Hera-B   99-063
Software 99-007

Recommendations for Evaluating the Performance of  HERA-B Reconstruction Modules

Rainer Mankel

Humboldt University Berlin


1. Introduction

The complete HERA-B reconstruction will be achieved with a delicate interplay of many different program modules performing reconstruction tasks in different parts of the detector. It is essential to assess the performance of each module in a transparent and consistent way. This is also important in cases where several reconstruction approaches are investigated and the most suitable one for a specific reconstruction task has to be selected.

In the following, some guidelines for a consistent performance evaluation are collected.

2. The reference set

For experiments as HERA-B, the particles relevant for physical analysis are accompanied by a host of additional particles, as background from superimposed interactions, or secondary particles produced through interactions within the detector material. It is neither feasible nor advisable to consider the reconstruction of all these particles. Hence, a set of objects of interest has  to be selected for which efficiencies are to be calculated. Typical interest sets are the tracks from the golden B decay, or charged particles with momenta above 1 GeV from a primary vertex.

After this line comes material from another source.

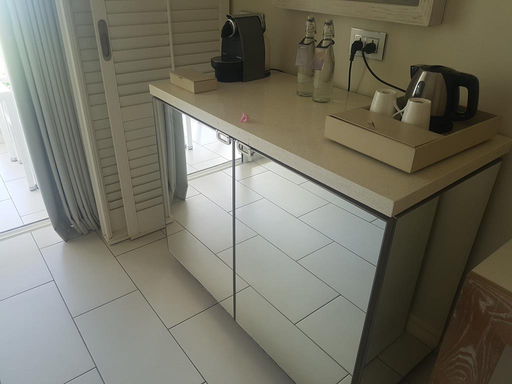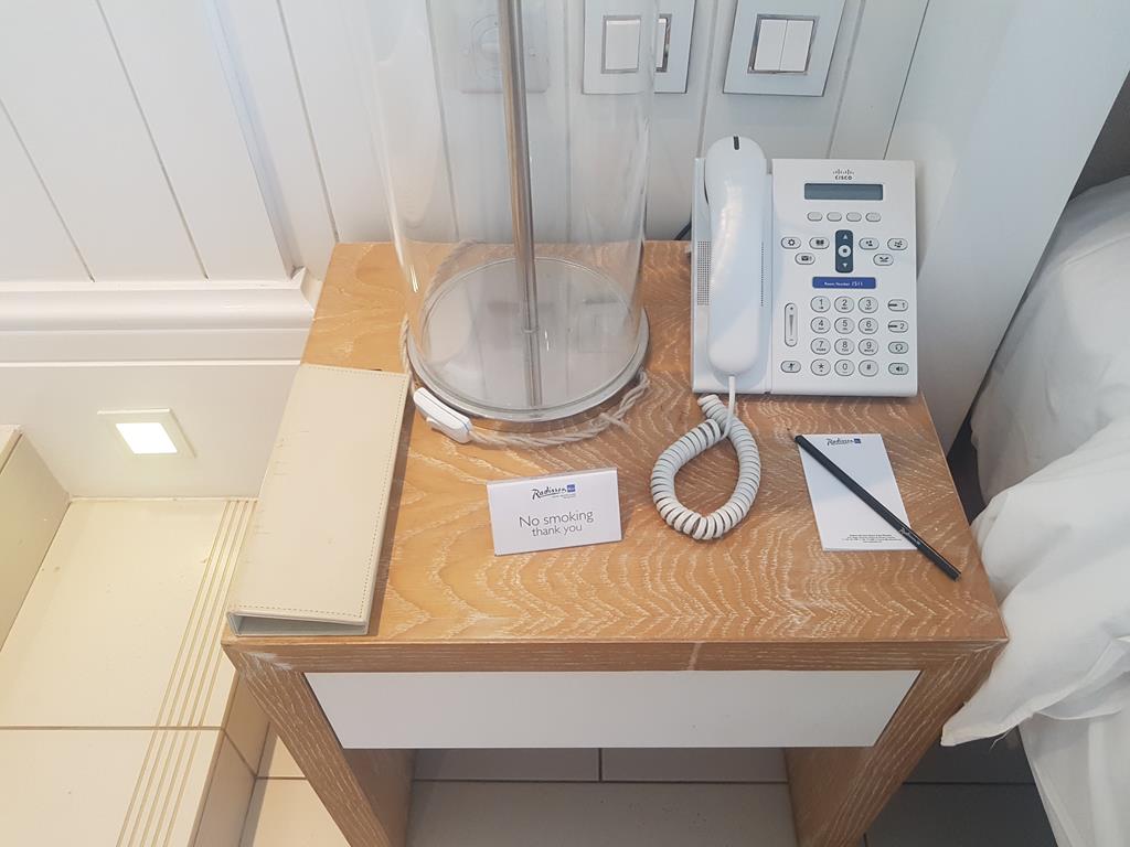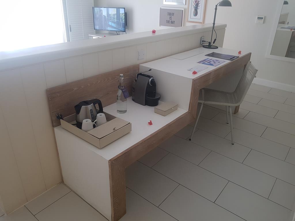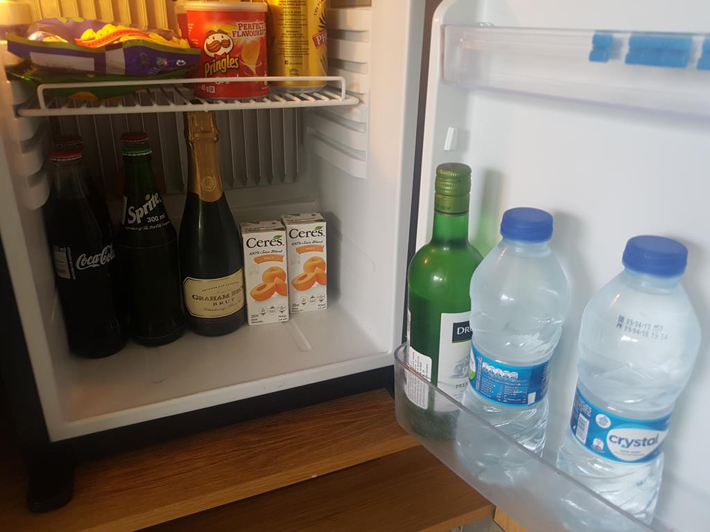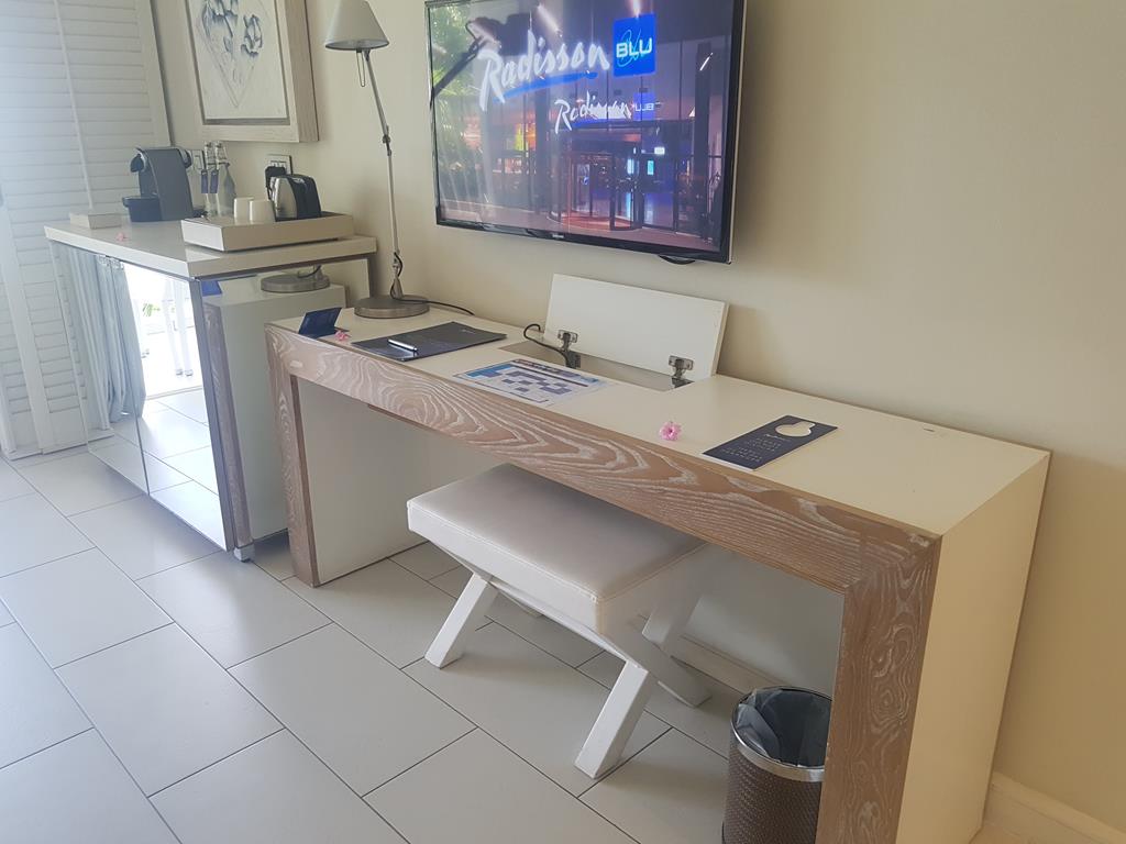 Gegenüber von Bett befindet sich ein großer Schreibtisch mit Kommode. Hier ist auch die Minibar verbaut. Im Schreibtisch gibt es einige Steckdosen. Diese haben leider nur zum Teil funktioniert. So war es nicht immer ganz einfach die elektronischen Geräte aufzuladen.

A second ingredient is the geometrical range of the detector. It does not make sense to judge the performance of a reconstruction program on tracks which which are outside the acceptance of the detector, or just straddling its border. Objects of interest within the geometrical acceptance region define the reference set.

In many cases, the geometrical criterion can be conveniently defined by the number of detector elements, eg. the number of layers in a tracking system, which have been passed by the particle, which can be derived from the Monte Carlo Impact Points (MIMPs) provided by the detector simulation. Example: for the vertex detector, tracks within the acceptance region pass at least three superlayers. Assuming that each superlayer has four logical GEDE planes on two detector modules per quadrant, giving rise to two MIMPs per superlayer, a requirement of at least 6 MIMPs for a reference particle may be appropriate. It is permissible to discard MIMPs outside the sensitive region from this count but it should be stated.

3. Geometrical acceptance

The definition of the reference set can be regarded as a definition of geometrical acceptance for the particle type X:
eXgeo = NXref / NXtot
which is independent of the hit efficiencies of the individual detectors. Since the definition of the reference set has potential influence on the reconstruction efficiency, the corresponding geometrical acceptance should always be considered as well.

4. Efficiency

In order to define the reconstruction efficiency, a reconstructed object must be assigned to a Monte Carlo particle. There are two basic approaches for such an assignment:
Parameter matching is sometimes the only way because it requires not direct Monte Carlo relation information between generated particle and the detector hits used in the reconstruction. In high particle densities however, it bears the danger to accept random coincidences between Monte Carlo particles and ghost reconstructions and can lead to the paradox impression that the reconstruction efficiency improves with increasing hit density.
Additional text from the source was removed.